WHAT IS NEEDED: Take the line containing "Crafted with Purpose: Hand-forged" through the last line of the data and retype those lines exactly. Pictures do not belong in the copy.

MATERIAL PROVIDED:
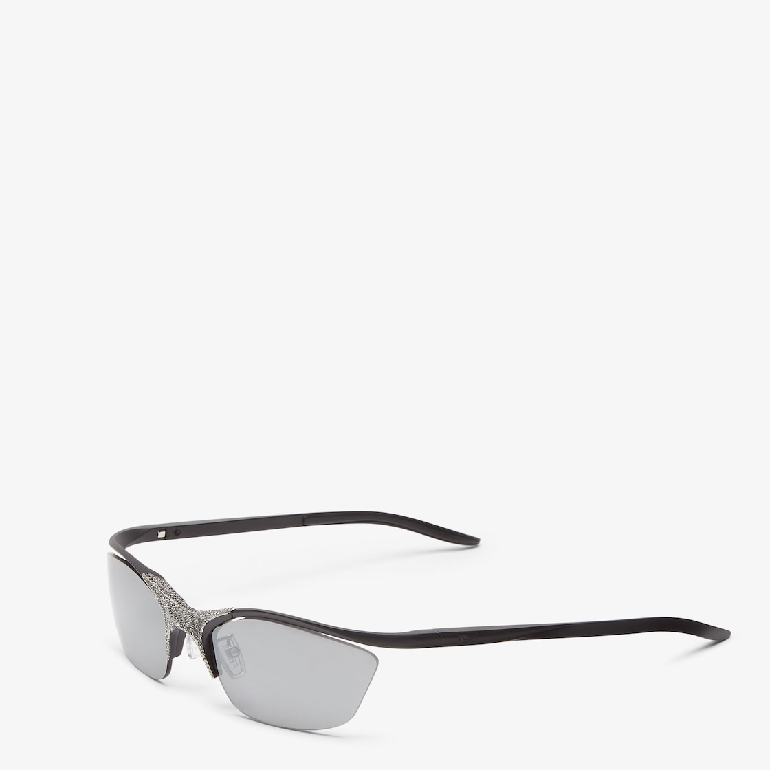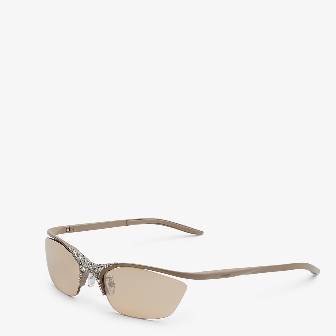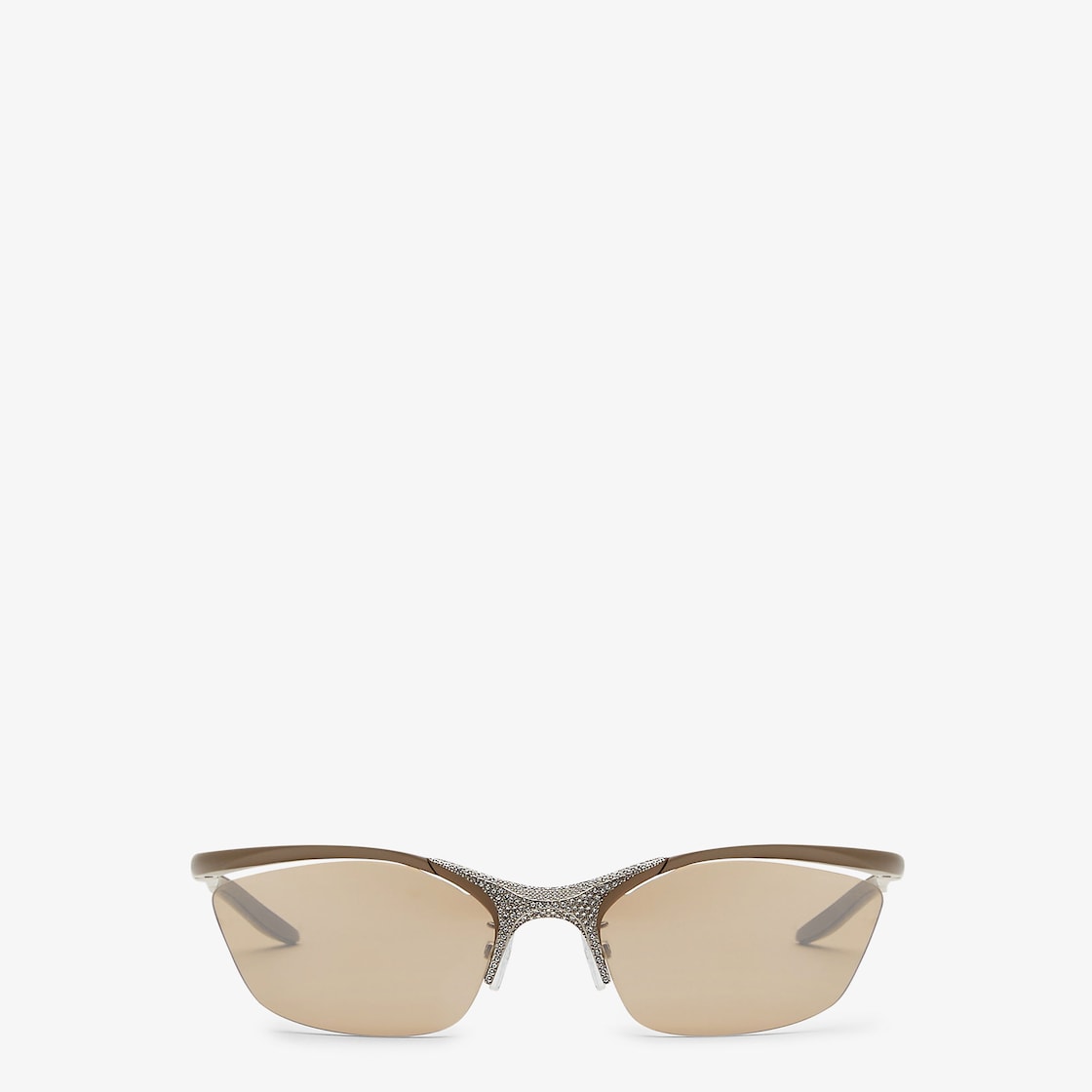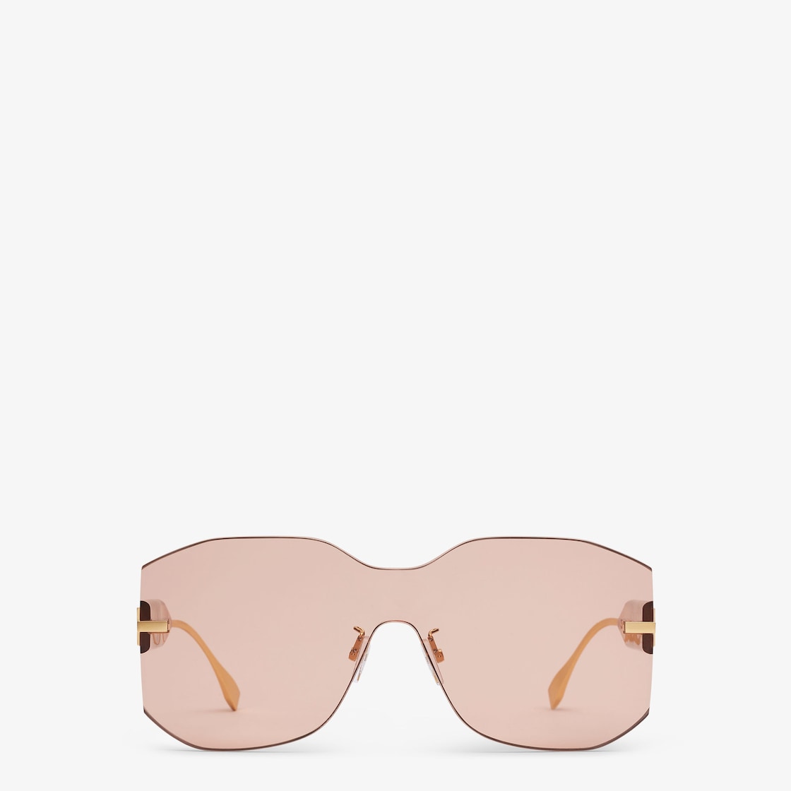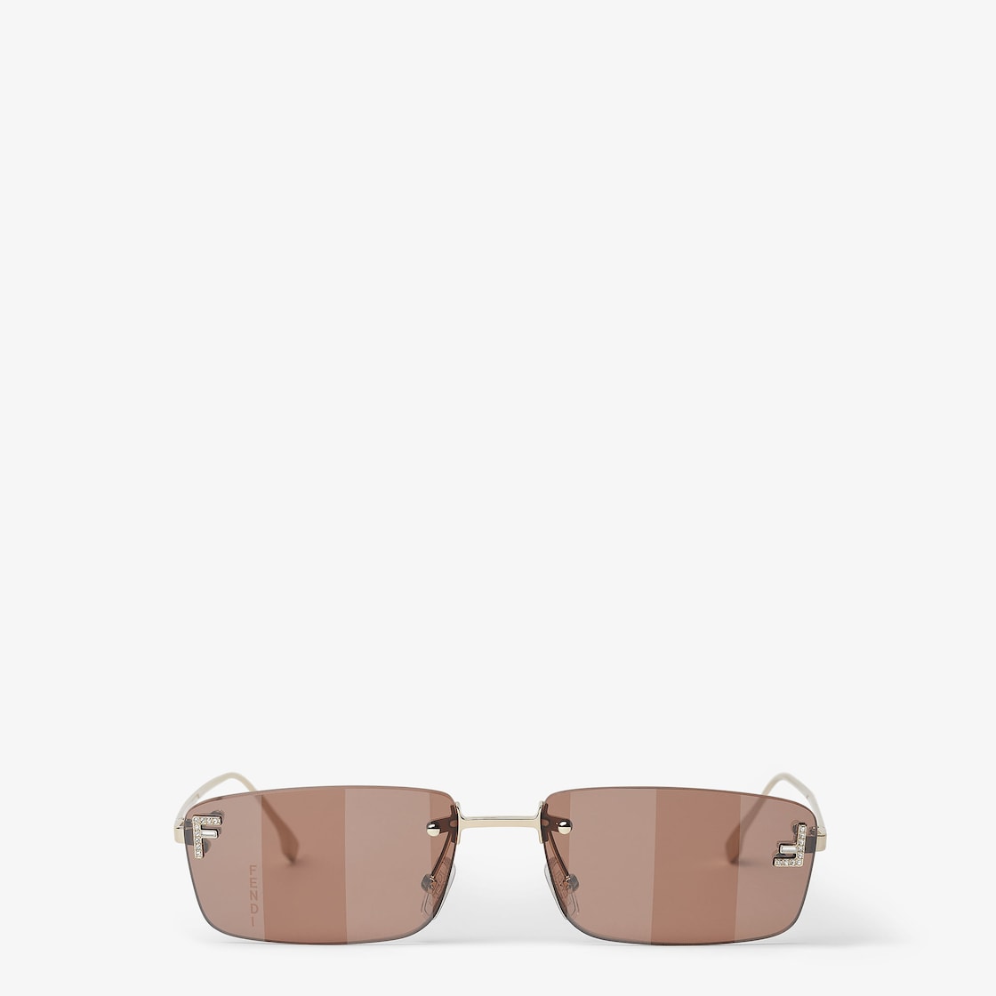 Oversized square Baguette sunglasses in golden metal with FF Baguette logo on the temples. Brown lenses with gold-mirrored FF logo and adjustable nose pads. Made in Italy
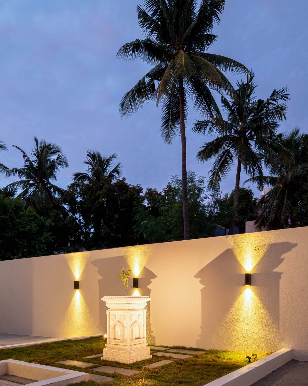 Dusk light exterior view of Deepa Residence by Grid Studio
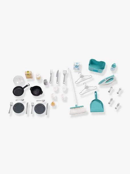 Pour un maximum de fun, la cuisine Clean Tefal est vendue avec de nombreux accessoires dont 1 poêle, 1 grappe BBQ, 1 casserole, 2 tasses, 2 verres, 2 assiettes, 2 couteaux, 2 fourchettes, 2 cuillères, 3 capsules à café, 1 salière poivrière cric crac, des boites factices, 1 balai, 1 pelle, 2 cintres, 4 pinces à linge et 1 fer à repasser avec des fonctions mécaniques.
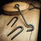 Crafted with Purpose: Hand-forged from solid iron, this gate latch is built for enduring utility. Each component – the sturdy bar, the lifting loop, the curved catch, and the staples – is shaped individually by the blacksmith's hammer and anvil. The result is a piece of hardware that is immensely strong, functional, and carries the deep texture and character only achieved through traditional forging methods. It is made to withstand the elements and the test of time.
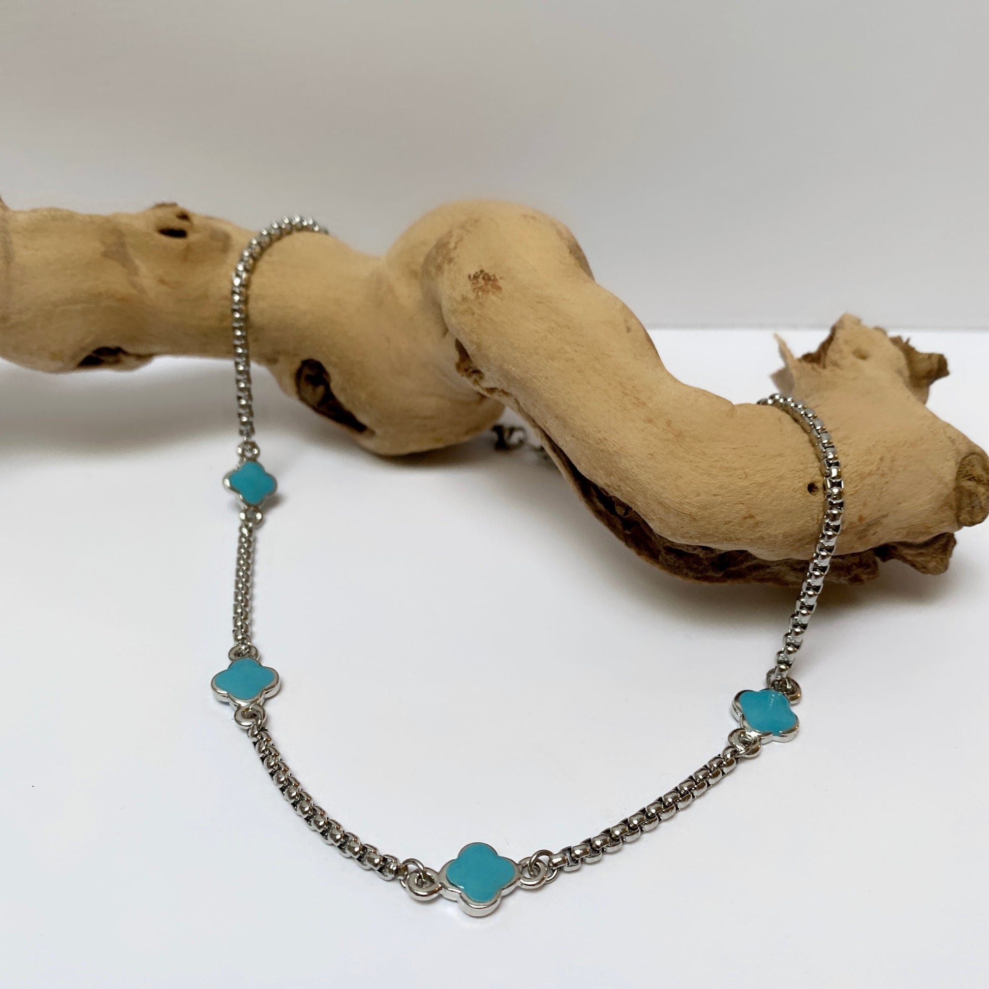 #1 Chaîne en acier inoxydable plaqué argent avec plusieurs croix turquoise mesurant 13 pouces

RESULT FOR THIS EXERCISE:
 Crafted with Purpose: Hand-forged from solid iron, this gate latch is built for enduring utility. Each component – the sturdy bar, the lifting loop, the curved catch, and the staples – is shaped individually by the blacksmith's hammer and anvil. The result is a piece of hardware that is immensely strong, functional, and carries the deep texture and character only achieved through traditional forging methods. It is made to withstand the elements and the test of time.
 #1 Chaîne en acier inoxydable plaqué argent avec plusieurs croix turquoise mesurant 13 pouces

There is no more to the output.